WEATHER AUTHORITY : Flash Flood Warning View Alerts

Syria is devastated. Where are the women?

From their leadership in securing the recent peace accord in ...

Posted: Feb 23, 2018 6:25 AM
Updated: Feb 23, 2018 6:25 AM

From their leadership in securing the recent peace accord in Colombia to their contributions to the 1998 agreement ending 20-plus years of conflict in Northern Ireland, to Liberia and to the Philippines, women have largely been the architects of peace -- the kind that at first seemed impossible to find but was still somehow built to last.

If women could make it happen in these other parts of the world, why not try it in Syria? Why are women still not represented at the negotiating table?

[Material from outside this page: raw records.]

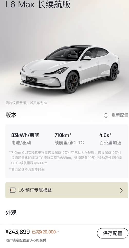 两个字,帅气,不失优雅。智己L6这颜值妥妥的轿跑界纯欲风!低趴鲨鱼头配闪电大灯,白天像液态金属子弹,晚上贯穿式灯带一甩——嚯,整条街就属你最赛博!溜背线条从B柱唰地溜到小翘臀,性感但一点都不油腻。最绝是那个掀背尾门,开盖瞬间像变形金刚蹲马步,轮毂里还藏橙色卡钳骚色,连我小区保安都问:“这车得百八十万吧?”建议路上开慢点,怕路人拿手机拍你车被追尾啊喂!
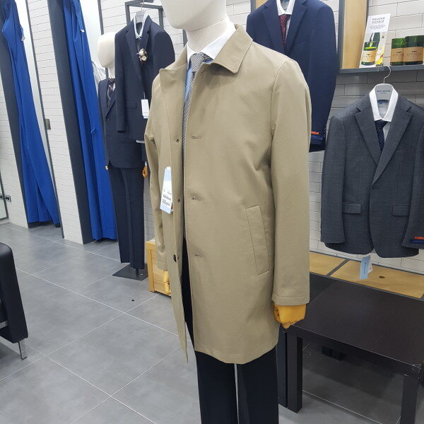 진한베이지의 스탠카라 트렌치코트이며스타일리쉬한 느낌을 주며 맞혀 입기가 쉽다
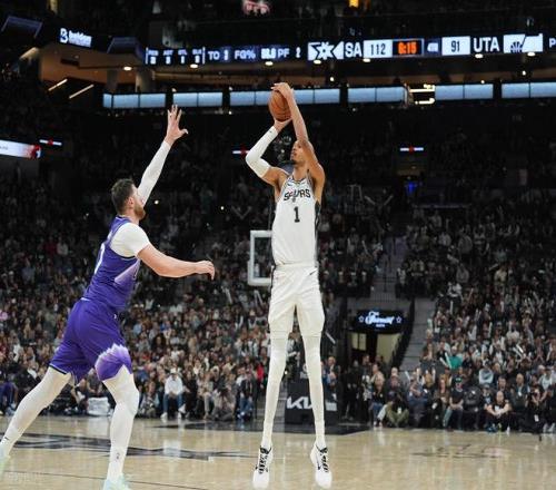 马刺力克爵士,文班亚马今天外线三分投开了。首节他就砍下13分,上半场他12中7(三分9中5),罚球2中2砍下21分7篮板1抢断1盖帽。
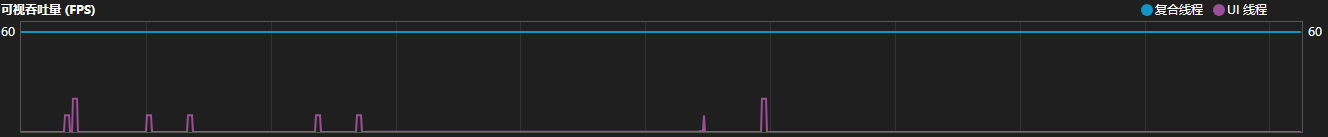“可视吞吐量(FPS)” 折线图显示了应用程序的 UI线程和复合线程上的每秒帧数 (FPS),较低的帧速率也意味着应用程序响应能力较差。
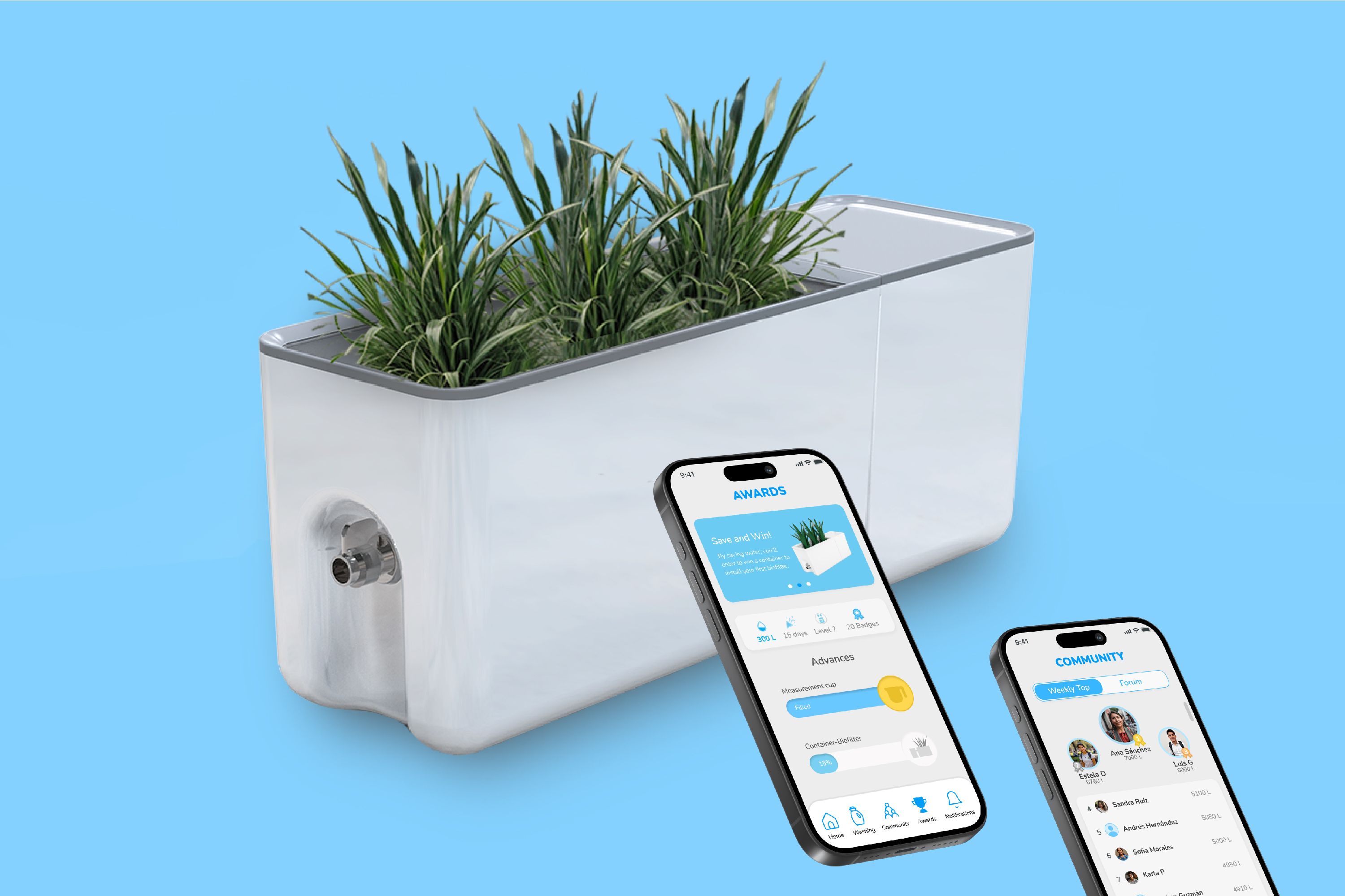 The UX challenge was creating a solution that goes beyond providing sustainable tech—it had to connect with users of different awareness, interest, and context. Research revealed that barriers were behavioral, emotional, and structural. How do we motivate someone who's never considered reusing greywater? How do we make it intuitive and adaptable across lifestyles and spaces? That led to designing a modular biofilter as part of a product-service ecosystem. But it wasn't just about the object—it became a catalyst for learning and habit formation. Through challenges, rewards, and a personalized journey, the system invites users into sustainability not through obligation, but empowerment.

We have studied women's contributions to stability around the world, and a new interactive report includes in-depth case studies and an index tracking women's participation in formal roles in peace processes from 1990 to the present. This and other research suggests that women's participation in peace negotiations makes the resulting agreement 64% less likely to fail and 35% more likely to last at least 15 years. The case studies explore how women participate in peace processes and why their inclusion advances security.

Yet despite the overwhelming evidence and urgent need, Syrian women have still been underrepresented throughout the peace process.

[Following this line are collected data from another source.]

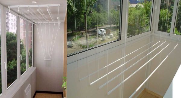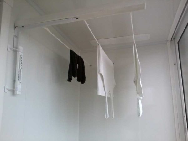 Сушилки для белья, закрепленные на потолке балкона или лоджии — одни из самых популярных моделей. Представляют собой две планки с прикрепленными к ним поперечинами или веревками, на которые навешивается белье.
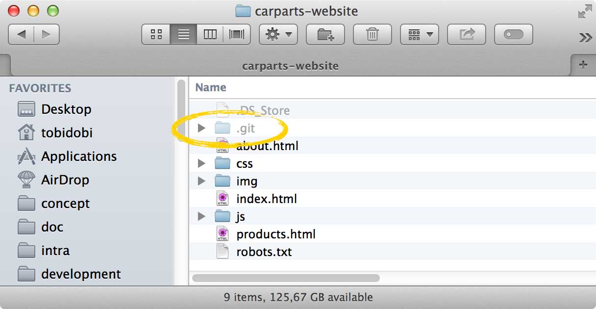 This little ".git" folder is our new, empty Git repository. Please mind the word "empty": Git did not add the current files of your working copy as something like an "initial version". The repository contains not a single version of your project, yet.
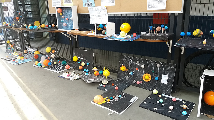 Maquete construída pelos alunos dos 3°anos, após seus estudos e descobertas sobre os Planetas, conceito explorado na área de conhecimento da Ciências da Natureza.
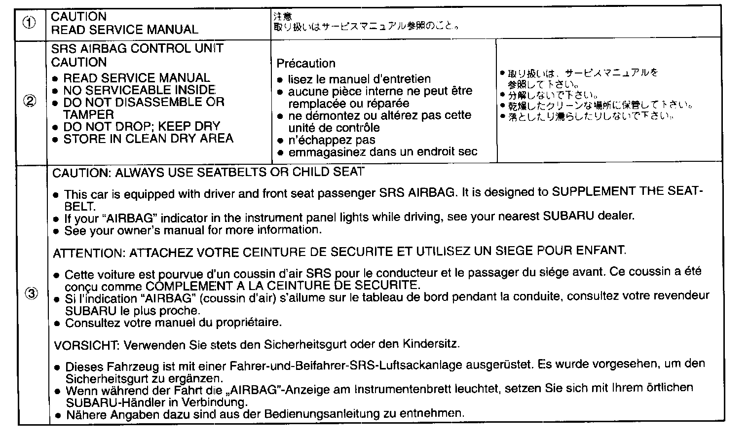 Warning And Caution Labels - Index 1:
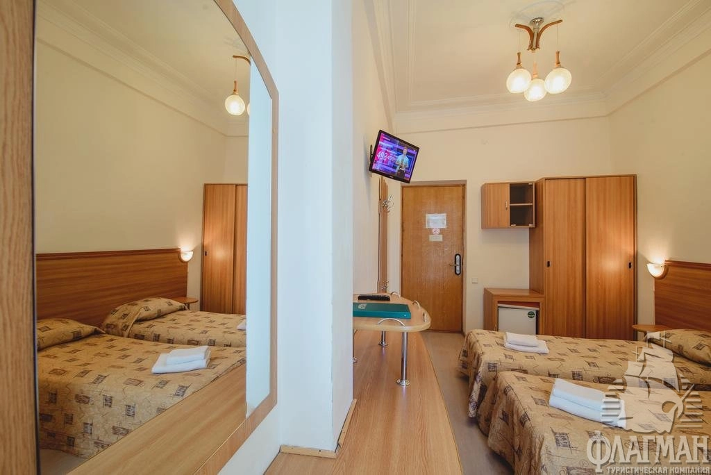 Корпус (4 этажа, 500 м до пляжа): 2-местные стандартные номера, 2-местные 2-комнатные стандартные номера.

Earlier this week marked the deadliest days in the rebel-held areas of Syria in three years.

Two-hundred-fifty civilians, including scores of women and children, were killed in two days in government airstrikes and rocket bombardments in Eastern Ghouta, outside Damascus. The attacks follow a recent escalation of violence as Russia and the Syrian government have pushed offensive operations into the suburbs of the besieged capital city; more than 700 people have been killed in the last three months. The UN special envoy to Syria, Staffan de Mistura, estimates the war has ended the lives of over 400,000 people and displaced more than 11 million from their homes.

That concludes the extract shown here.